You have this in your lowest-angle bin, but nowhere else. It might be
possible to find some sites, but you are not going to get phases beyond
7A, and phase extension from this low a level is hard to do, even when
the I/sigma is high. Remember, "thresholds" like this are not sharp but
represent a level of data quality where the best crystallographers in
the world working very carefully and with a significant amount of luck
have managed to solve a structure. If you are not one of these highly
skilled and experienced people, you will probably need better data. A
lot better data. And having better data is not a bad thing.

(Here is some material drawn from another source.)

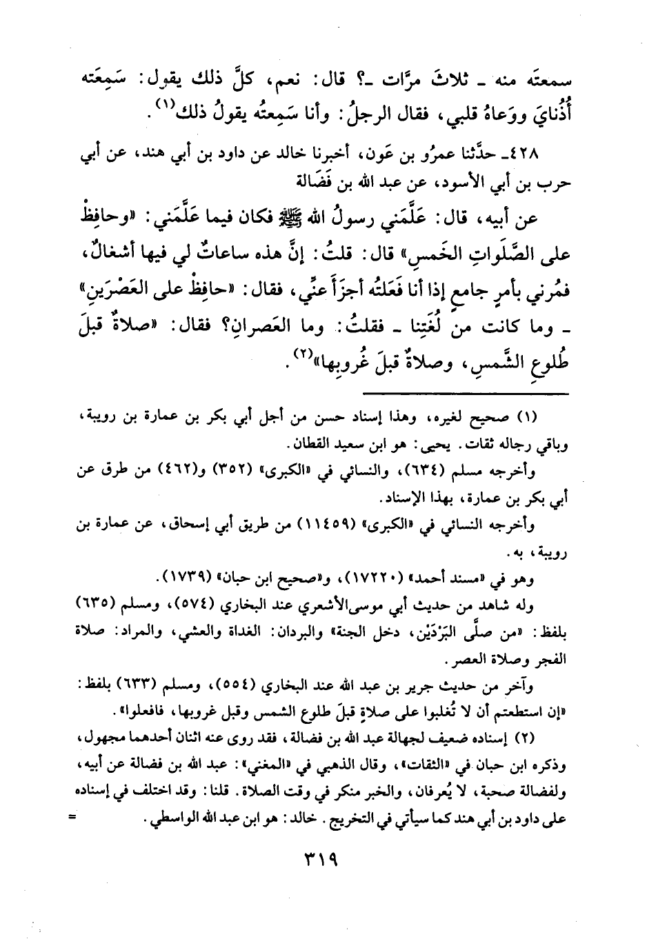 ٤٢٨ - حدَّثنا عمرُو بن عَون، أخبرنا خالد عن داود بن أبي هند، عن أبي حرب بن أبي الأسود، عن عبد الله بن فَضَالة

For the case Tommi Kajander put forward, I/sigma(I) >
1.3*sqrt(365*8*120/80)/4 = 22 was required. Tommi? Was your I/sig
better or worse than this?
2. Will a complete data set obtained from merging various
batches(30-40 frames each) from one or more than one crystal will have
proper anomalous signal for phasing? I am worried as weak anomalous
signal may get lost while merging.
If you average enough data, you can theoretically get any I/sigma you
want. In your case you will probably have to average data from not less
than 8 crystals to bring your I/sigma up to 20 (6.7 * sqrt(8) = 20).
3. Will such a low value of average Intensities (as shown above from
HKL scale log file) will be good enough for MAD/SAD phasing
Probably not.
or I really need to improve crystal quality for stronger diffraction.
It is always better to have better crystals.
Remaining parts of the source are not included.